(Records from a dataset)
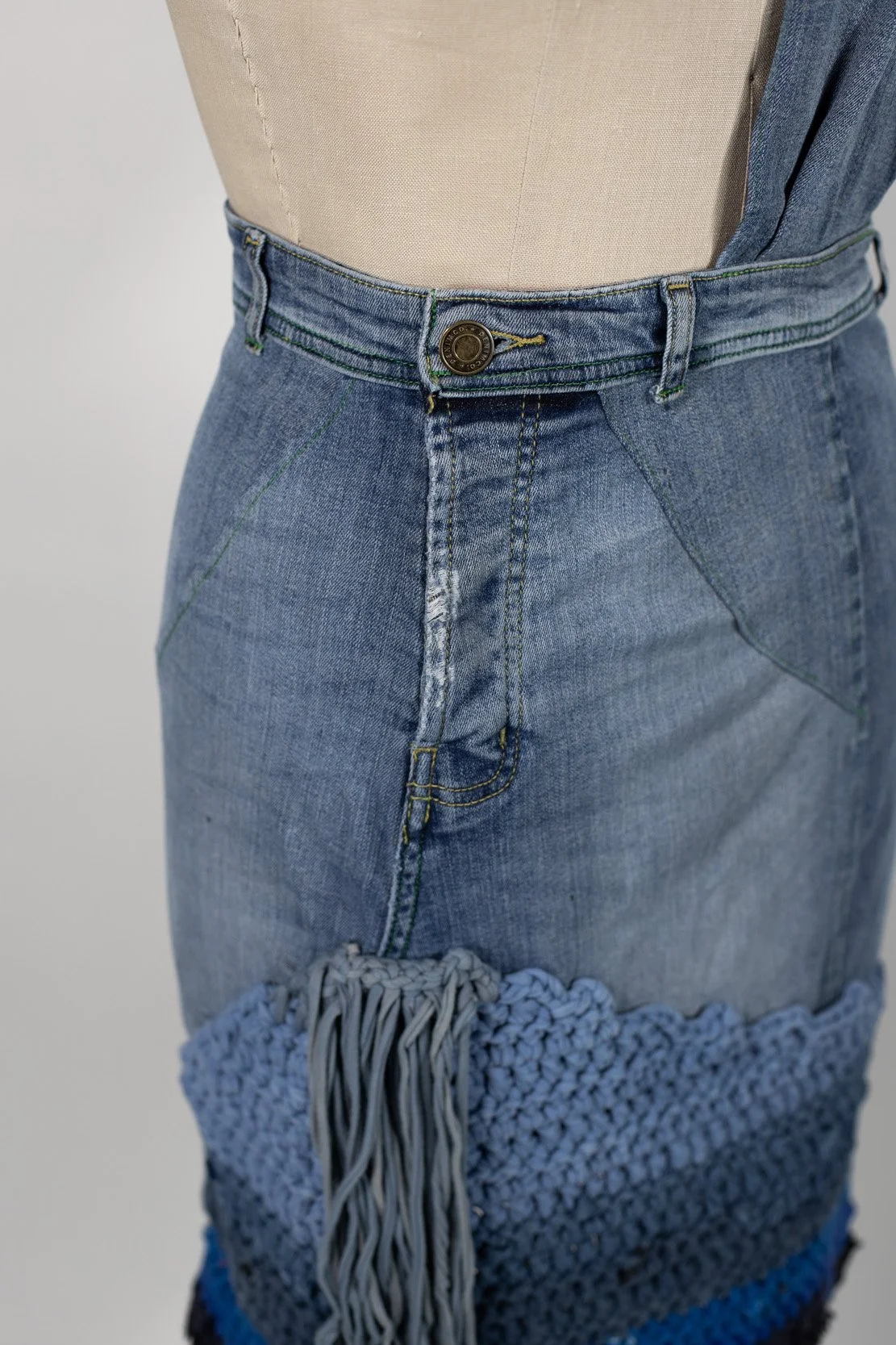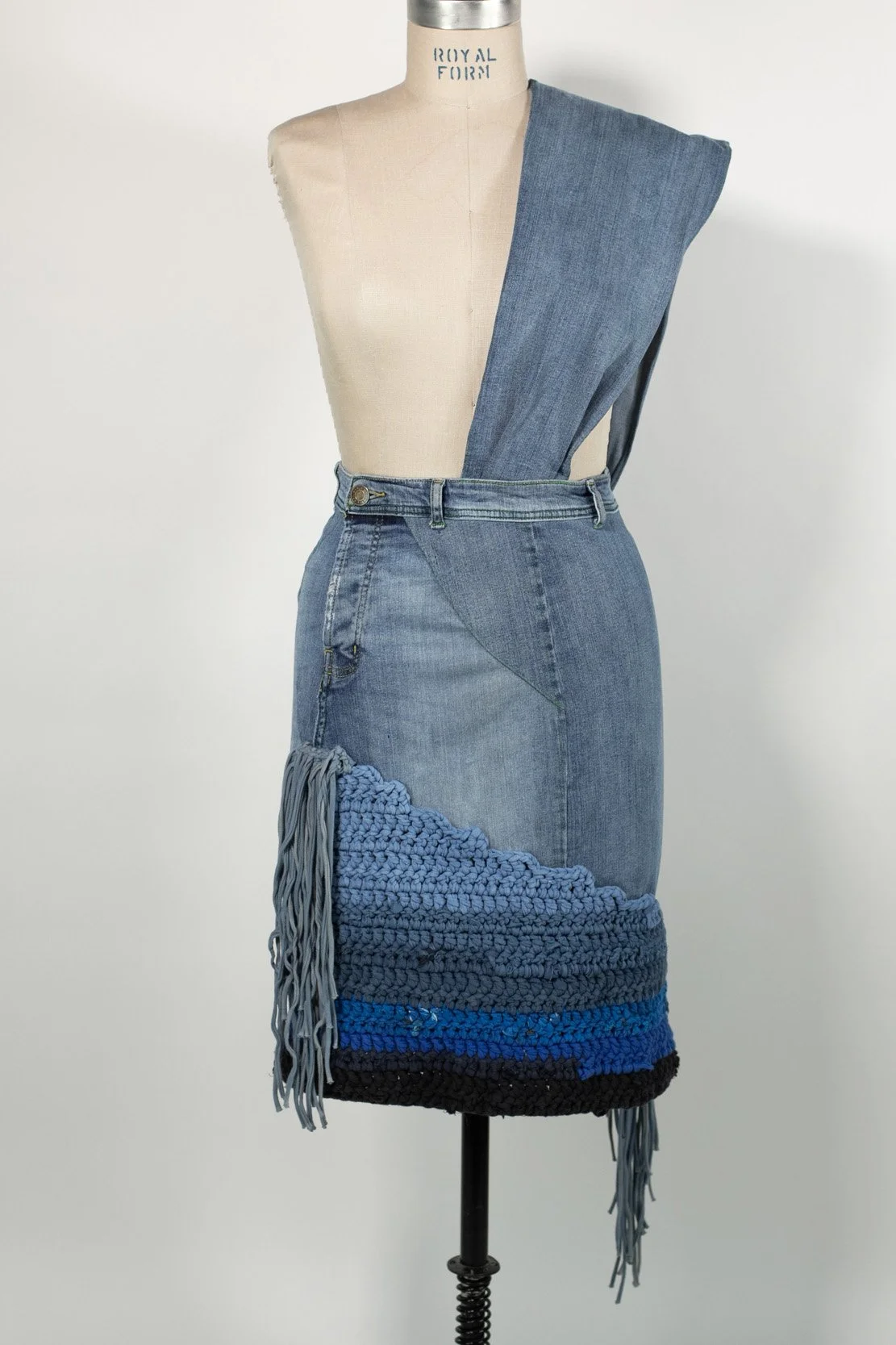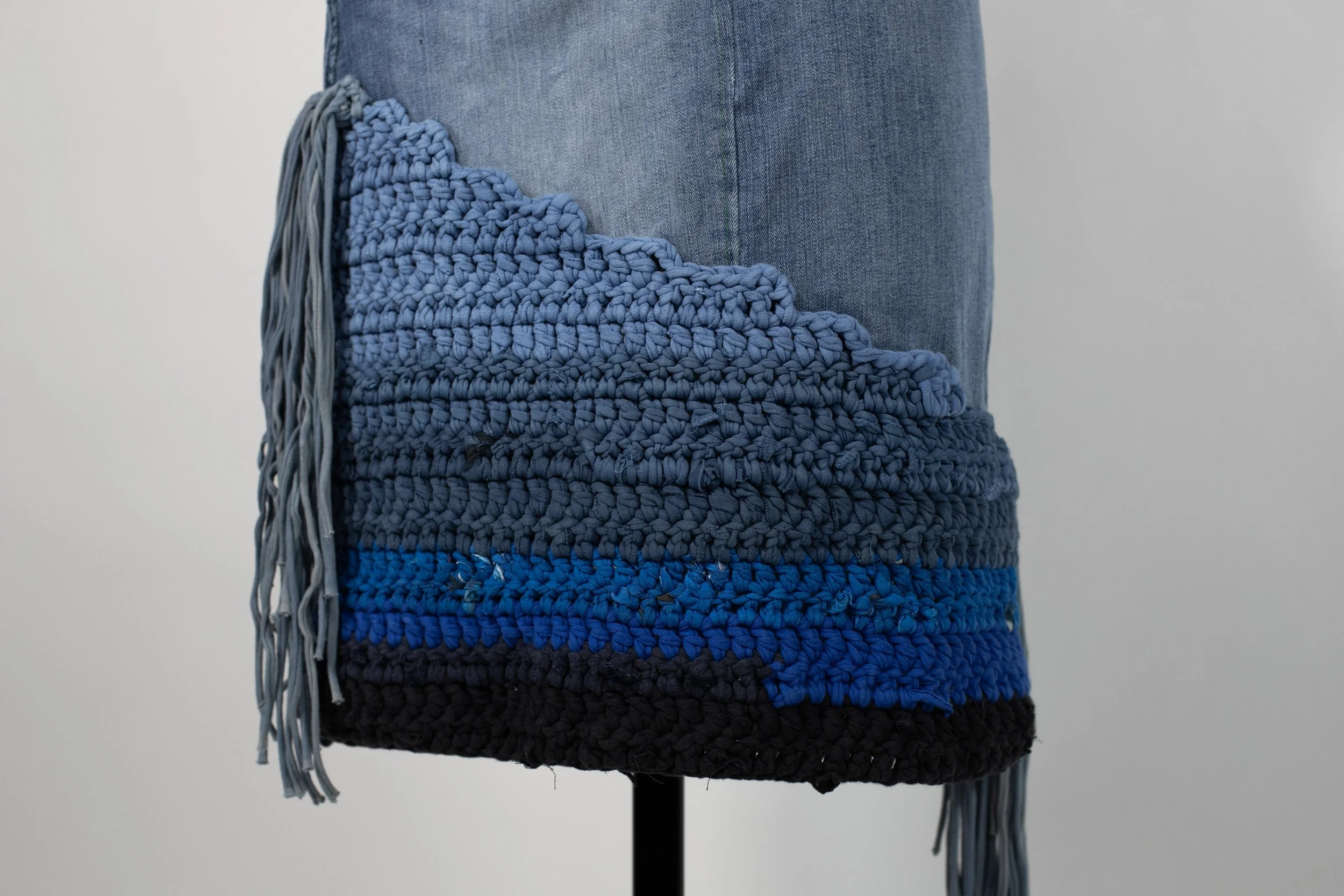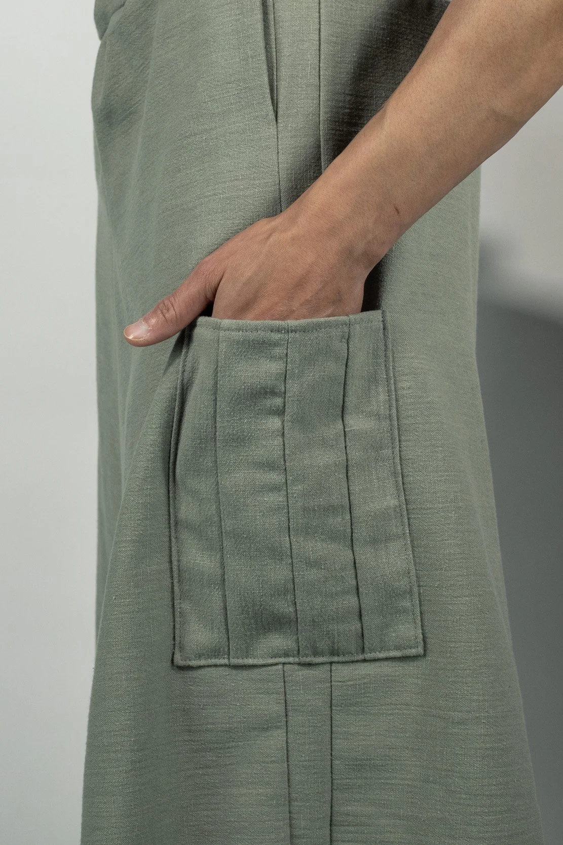 Zero waste design pants with 60s floral micro corduroy accent. Pockets, shadow folding and ties at waist. Waist is very adjustable with extra hook and bar at front sides and back sides. Can be worn with any variation connected. Loose fit and drapey with higher waist but dropped crotch.
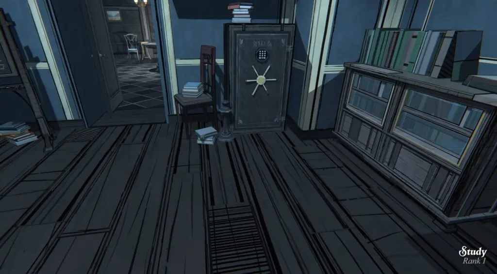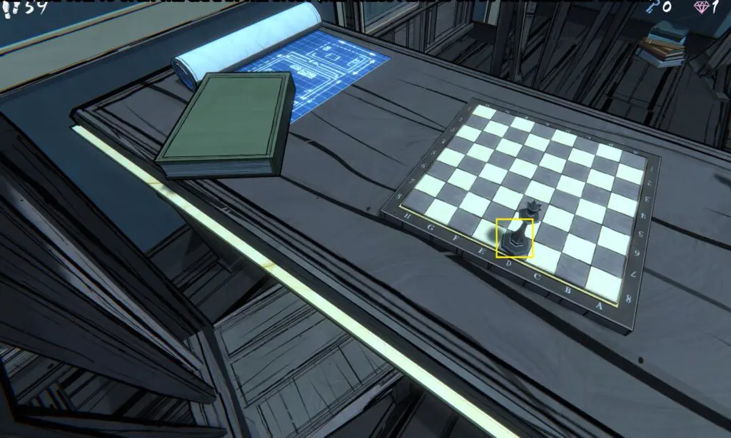 To open the safe, you’ll need the correct code. Look at the chessboard on the table nearby. You’ll notice a black King piece sitting on the square D8.
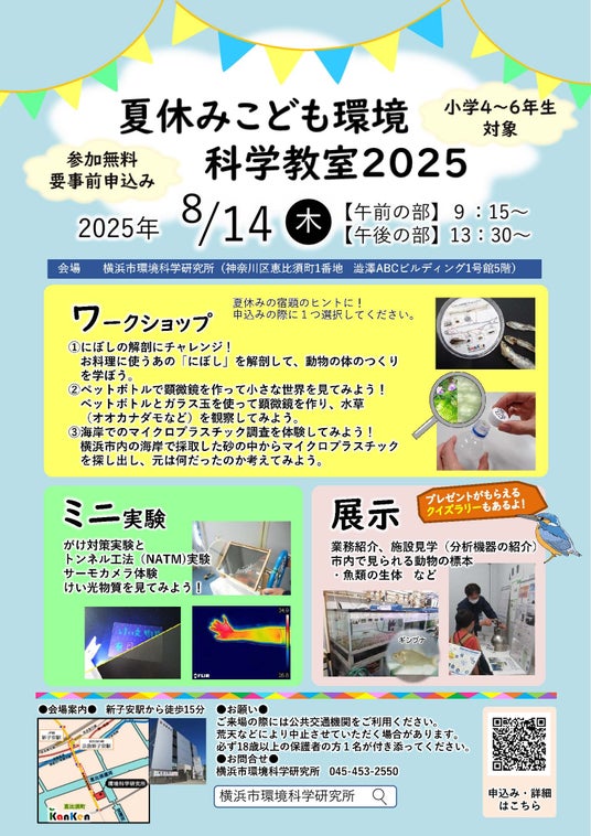 横浜市環境科学研究所は、2025年8月14日(木)に、小学4年生~6年生とその保護者を対象とした「夏休みこども環境科学教室2025」を開催します。研究所の業務にちなんだワークショップや展示を通じて楽しく環境について学べます。ぜひお申込みください!
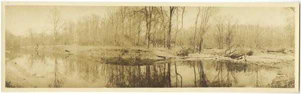 Panoramic view showing a curved stretch of the creek. Barren trees and brush line the bed of the creek in the background.
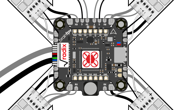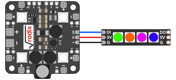 The RADIX FC can control programmable RGB LED’s, which are bright LED’s that can be used to differentiate pilots by color in a race, blink in different colors, etc. In short, they make your drone look cool and help other pilots to better see you, especially at night or indoors. This is why the RADIX PB includes four programmable RGB LED’s, so you get some bling without any additional wiring! However, you can add even more LED’s using the LED output of the RADIX PB.
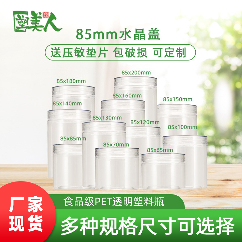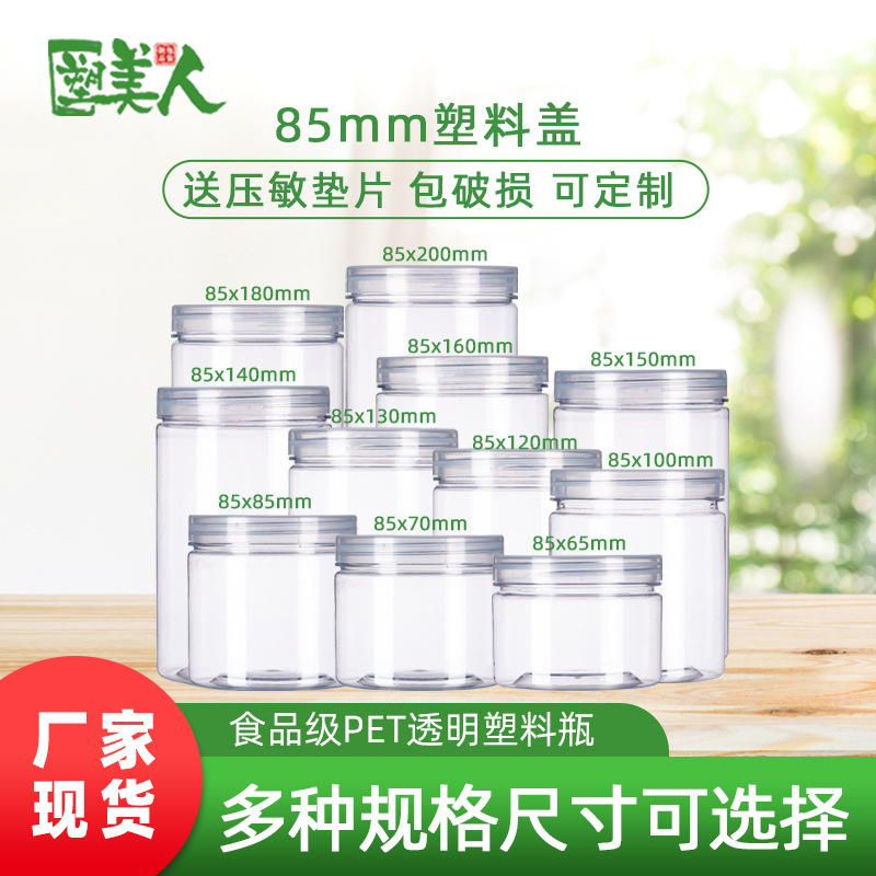 厂家现货85口径pet食品包装罐塑料瓶305垫片透明塑料易拉罐密封罐

▶ [Task directions] Once the line with "To open the" is found above, print it and every line after it through the line with "Panoramic view showing", exactly. Pictures stay out.

▶ [Result]
 To open the safe, you’ll need the correct code. Look at the chessboard on the table nearby. You’ll notice a black King piece sitting on the square D8.
 横浜市環境科学研究所は、2025年8月14日(木)に、小学4年生~6年生とその保護者を対象とした「夏休みこども環境科学教室2025」を開催します。研究所の業務にちなんだワークショップや展示を通じて楽しく環境について学べます。ぜひお申込みください!
 Panoramic view showing a curved stretch of the creek. Barren trees and brush line the bed of the creek in the background.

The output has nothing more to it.